Лежу на кровати, приподнявшись на локтях. Постельное белье смято, перекручено и неприятно мокрое. Простынь липнет, а на коже поселился табун мурашек. Дышу часто, не могу прийти в себя. Сердце в бешеном темпе, словно собирается разорвать моё тело.
Застыл в ужасе.
Передо мной стена. Тени деревьев от света фар, проезжающих мимо машин, искажаются в монстров. Переломанные и искривлённые, словно многотысячная армия, они протягивают ко мне свои ветви-руки, желая вырвать из груди сердце.
«Сердце успокойся»
«Сердце, прошу, вернись в рабочий ритм»
На тумбочке рядом всё те же блистеры: смесь нейролептиков и антидепрессантов.

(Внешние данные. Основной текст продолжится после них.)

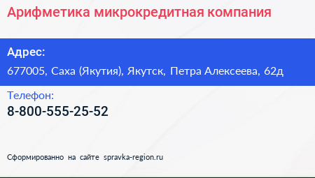 Арифметика, микрокредитная компания по адресу 677005, Саха (Якутия), Якутск, Петра Алексеева, 62д в дальнейшем Организация, размещена в следующих категориях:
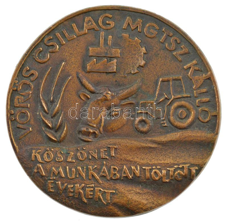 DN "Vörös Csillag MGTSZ Kálló - Köszönet a munkában töltött évekért" egyoldalas bronz emlékérem (92mm) T:1- kis patina
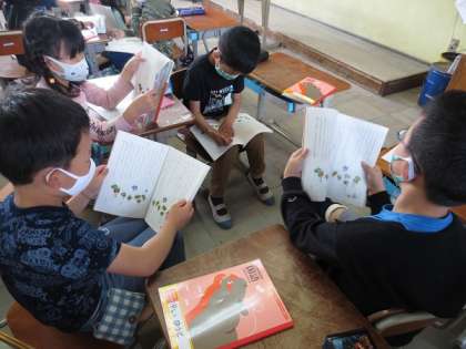 「きつつきの商売」では,場面の様子や登場人物の気持ちを想像しながら読む学習をしてきました。今日はグループで好きな場面を選んで,役割分担を決めたり,読み方の工夫を考えたりして,音読発表会に向けた準備をしました。
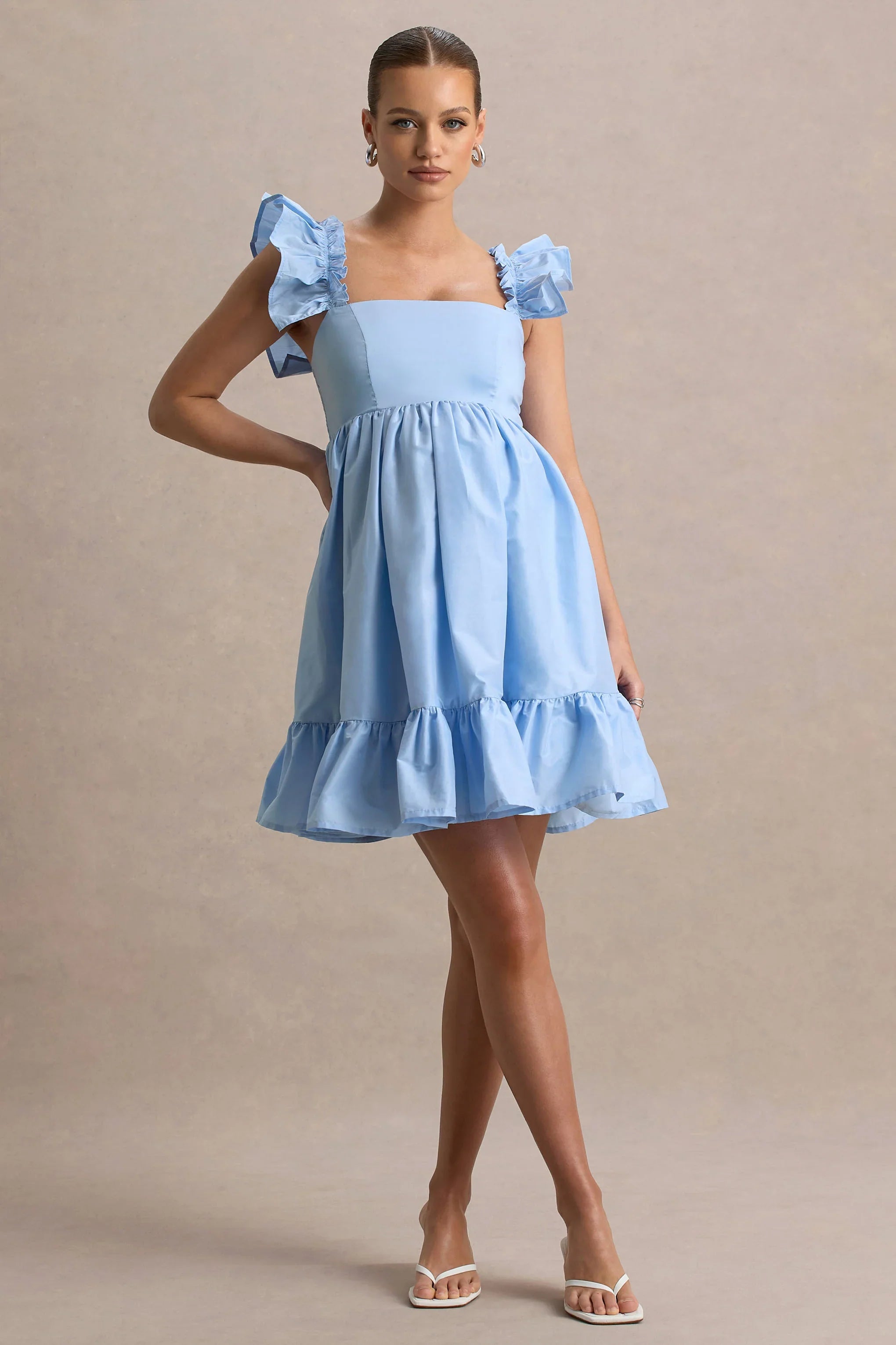 Flirty and fun, our Dolly Daze is the perfect powder blue dress for the warmer seasons. This babydoll mini dress features ruffle sleeves, a square neckline to complement your decolletage, and a tiered hem to show off your pins. A gorgeous, floaty mini dress, Dolly Daze is a warm-weather maternity staple.
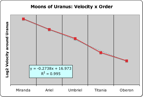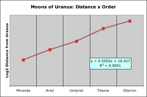 Although not necessarily applicable to other solar systems, this logarithmic rule certainly applies to the moons of Jupiter, Saturn and Uranus, as the following graphs illustrate. Notice that the best-fit line in each of the cases is nearly identical to the line connecting the Lunar Dots. Indeed the lowest of the 3 correlations between order and distance is 99.5%. Not too shabby! This level of correlation definitely meets the stringent standards of the Material Realm.
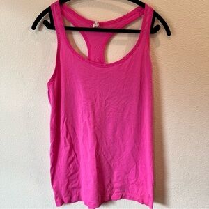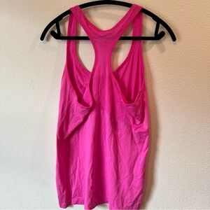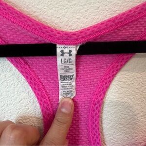This Under Armour tank top features a vibrant pink hue and a sleeveless design, ideal for athletic activities. The racerback style enhances freedom of movement, while the lightweight, stretchy fabric ensures comfort and breathability during workouts.
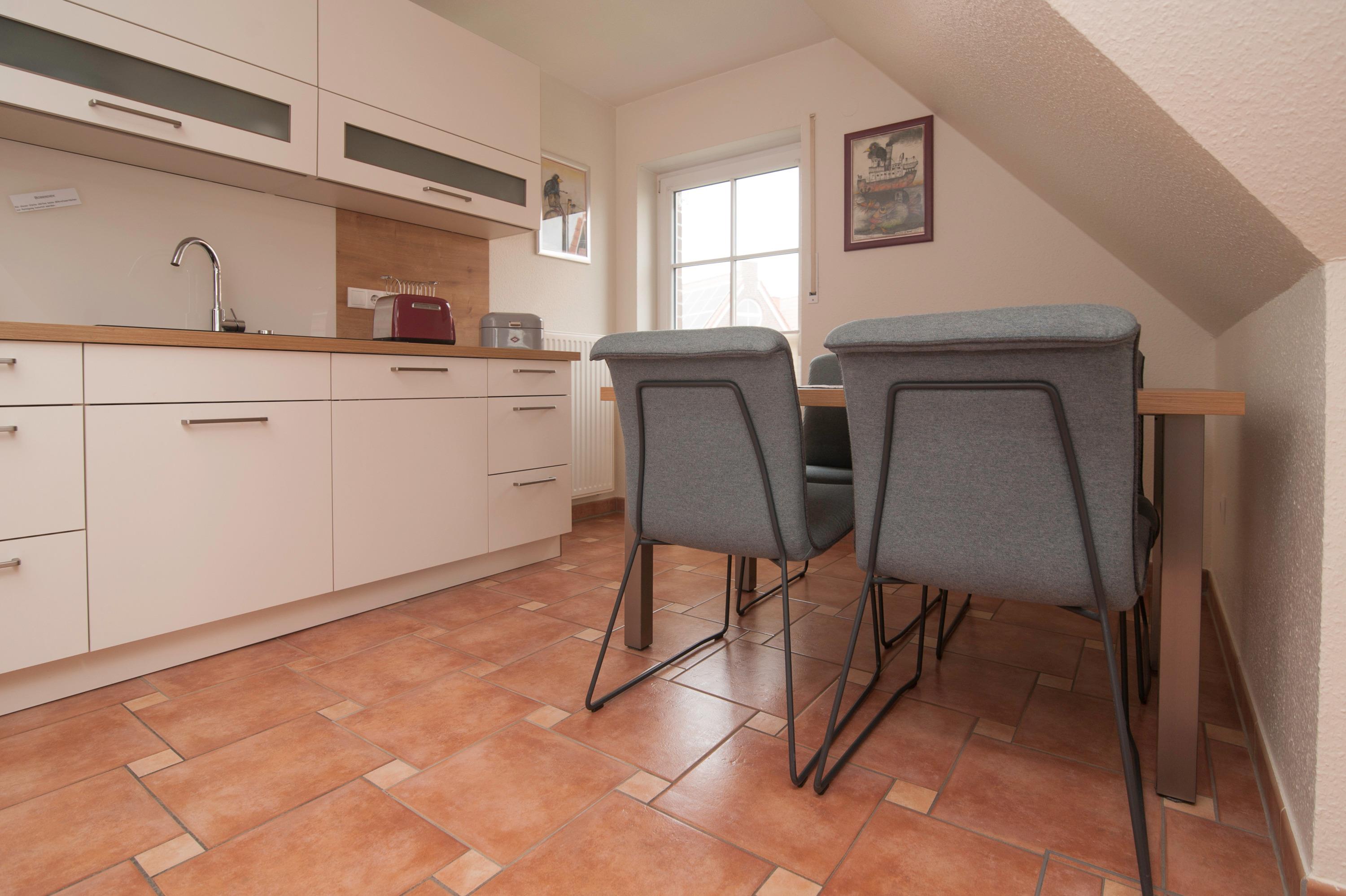 Liebevoll eingerichtete Ferienwohnung im Obergeschoss auf 2 Ebenen. Die Wohnfläche beträgt 76 m² und ist für 2 - 4 Personen komfortabel eingerichtet. Die Wohnung liegt direkt hinter dem Deich in einer ruhigen Sackgassenlage und ist ideal gelegen, da der malerische Greetsieler Hafen und der belebte Ortskern mit vielen Cafés und Restaurants nur wenige Gehminuten entfernt sind.
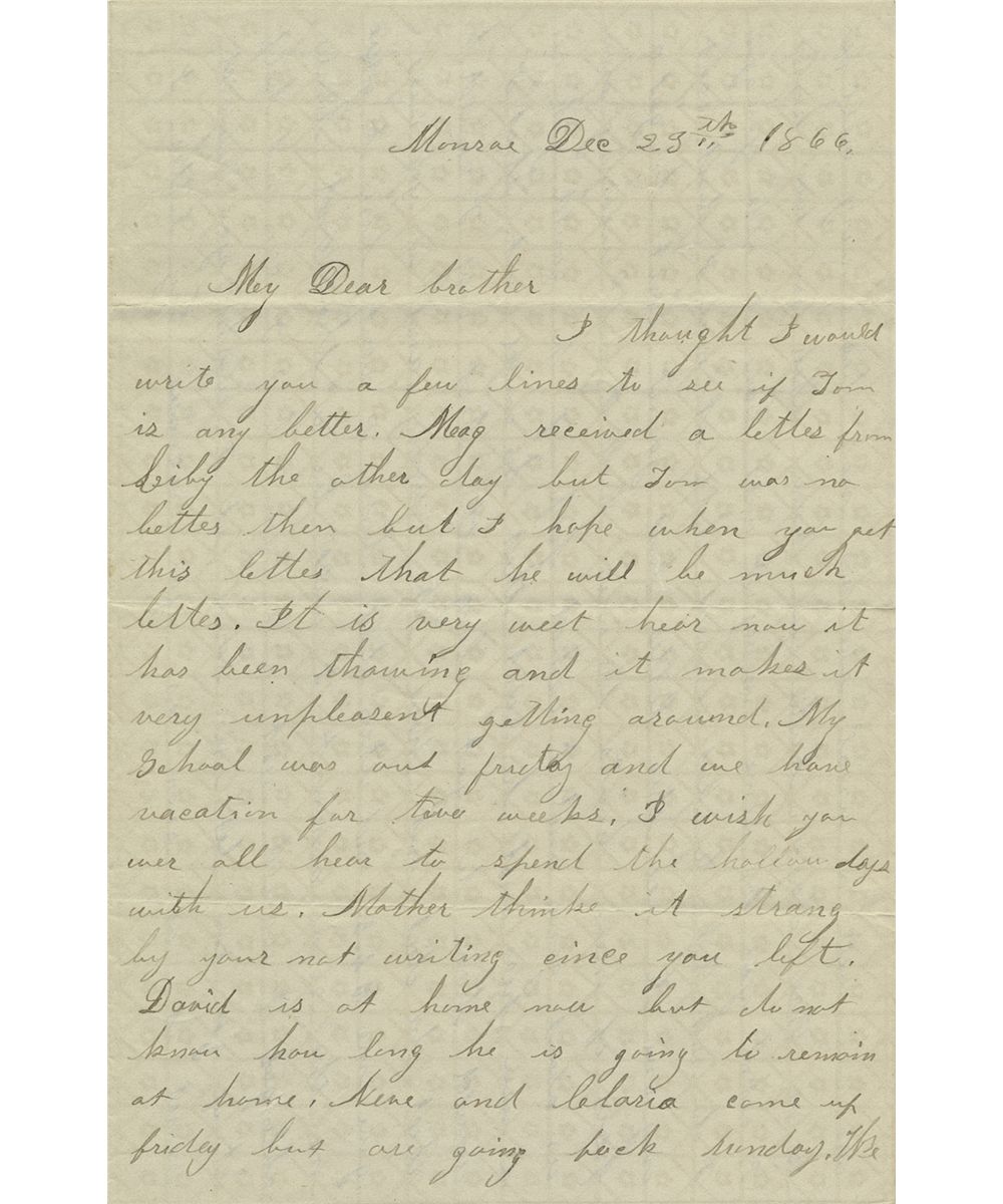 (1848 - 1876) Younger brother of George and Thomas Custer and brother-in-law of First Lt. James Calhoun. Boston served as a guide to George and was killed along with his two brothers at the Little Big Horn. Exceedingly rare A.L.S "Bos", 3pp. 8vo., Monroe, Mi., Dec. 23, 1866 to his brother, George A. Custer who was then serving at Fort Riley, Kansas. In small part: "…My dear brother, I thought I would write you a few lines to see if Tom [Custer] is any better. Mag received a letter from Libby the other day but Tom was no better…I wish you were all here to spend the hollow days with us. Mother thinks it strang by your not writing since you left…We are all well as usual, she has not been very well for to or three days…I asked you for some money I will have to ask you again. I do not like to but can not help it now & don't want any one to see this letter but you. I want to get a pair of new boots, the ones that I am wearing now is about gone & I asked pop if he could get me a new pair and he said that he could not…he did not have the money and if you will give me $4.30…[I] will be a thousand times obliged…Please excuse all misspelled words…" Fine, with a portion of the holograph envelope addressed by him to:"Genl. G. A. Custer Ft. Riley Kansas". Two pieces. Boston and George enjoyed a particularly close relationship, so much so that Boston would join George in the field...and die with him at at the Little Big Horn in 1876.
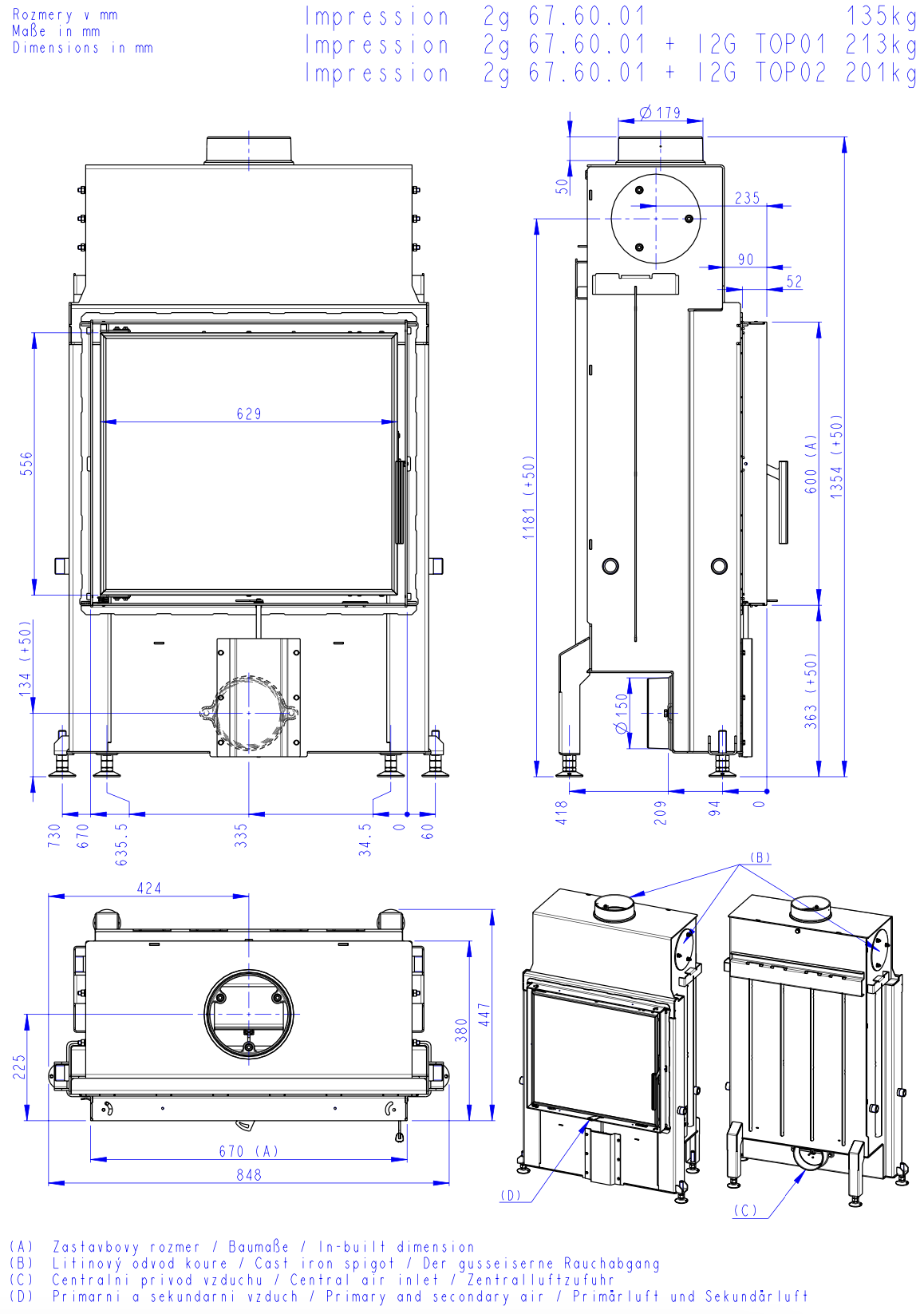 ROMOTOP IMPRESSION 2G 67.60.01 krbová vložka 4,8-12,6 kW, natur spalovací komora
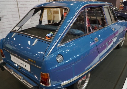 Matthieu et moi déambulons donc au travers de ce vaste hall rempli de merveilles et de souvenirs automobiles (souvenirs surtout pour moi évidemment, quand il s’agit par exemple d’une modeste Citroën Ami8 bleue … même si la mienne, dite la Tomate, était rouge). C’est aussi les 100 ans de Citroën qui présente un stand chronologique exceptionnel. Nous croisons deux de mes collègues, Philippe Robert et Jean-Michel Hayet et faisons quelques stands ensemble.

Один глоток и горсть разноцветных пилюль прямым рейсом в желудочный сок.
Вздох, еще один выдох и пульс замедляется.
Дыхание тише, сердце бьется синхронно с секундной стрелкой настенных часов. Взгляд покрывается легкой пеленой, на голодный желудок слишком быстро. Чувства словно не мои. Тело не мое, мысли не мои, будто я наблюдаю за оболочкой собственных кошмаров со стороны.
«Что было в самом начале?»
Картинка быстро меняется, сменяя динамику городских пейзажей на тишину природы. Вокруг бескрайние поля, покрытые белоснежным покрывалом. Линия горизонта, плавно переходящая в небесно-голубой, словно разделена прямыми рядами зимнего леса. Все покрыто легким волшебством белого цвета, снег мерцает бриллиантами от солнечных лучей. Ярко так, что жмурюсь от соприкосновения взглядом с этой нерукотворной картиной Всевышнего.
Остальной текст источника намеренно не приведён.